= 1993 International Formula 3000 Championship =

Motor racing competition

The 1993 FIA Formula 3000 International Championship was a motor racing series for Formula 3000 cars. Contested over nine races, it was the ninth FIA Formula 3000 International Championship.

French driver, Olivier Panis won the championship driving a Reynard 93D for the French DAMS team.

==Technical changes==
The 1993 Championship was the first to feature only one make of chassis, although the rules were still open to multiple manufacturers. Ralt had already ceased involvement in F3000 in 1992. After two poor seasons, Lola had no European customers after their two French teams, DAMS and Apomatox, switched to Reynards. Lolas would continue to have success in Japan, and would return to Europe in 1994.

In 1992, the manufacturers had agreed to a two-year cycle for chassis development for the first time, with the intention of reducing costs.
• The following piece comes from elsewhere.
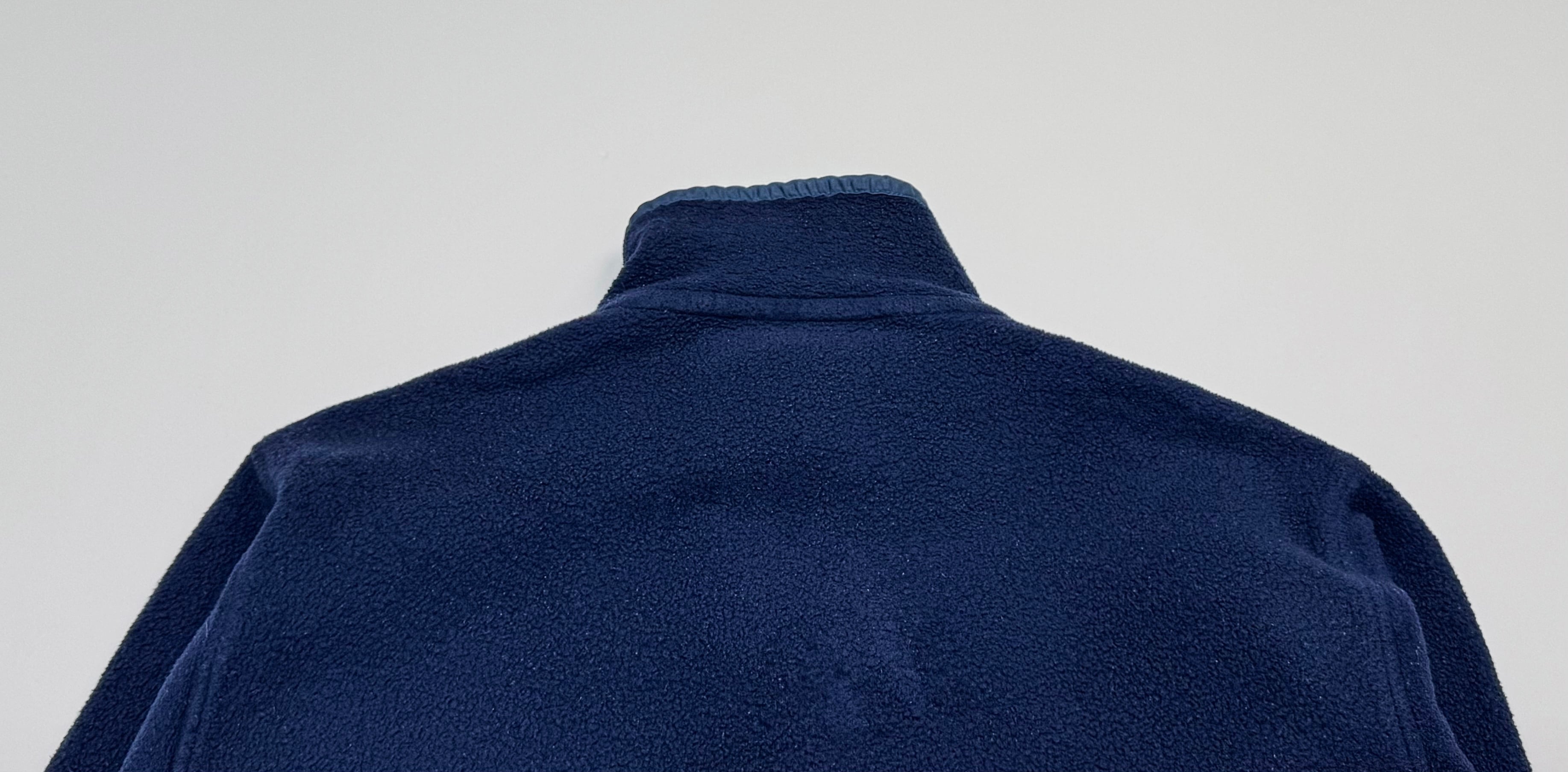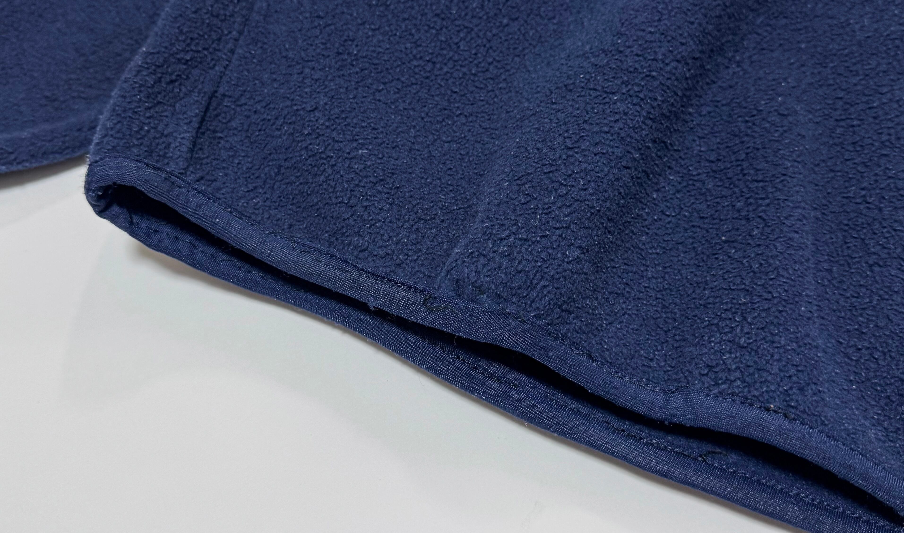 フリース生地には着用に伴う潰れが見られ、所々に毛玉の付着がございます。

Several teams, including the previous champions Crypton, kept their Reynard 92D cars. The new 93D featured a manual sequential gearbox, as opposed to the H-pattern found on the previous car, along with aerodynamic and suspension improvements.

Cosworth introduced a new low-crank engine, the AC, to compete with the Judd KV. Several teams retained the old DFV, which would score its last major victory at Pau. For the first time since 1988, there were no Mugen Honda engines in Europe.

==Season summary==

Olivier Beretta joined the Forti Corse team for 1993, and won the opening round at Donington Park. Reigning British Formula 3 Champion Gil de Ferran then won at Silverstone. The Pau Grand Prix was marked by the usual first-lap crash at the Lyceé hairpin, followed by another on the pit straight as several drivers were unable to see the red flags. Pedro Lamy won the restarted race, giving the DFV its last major victory.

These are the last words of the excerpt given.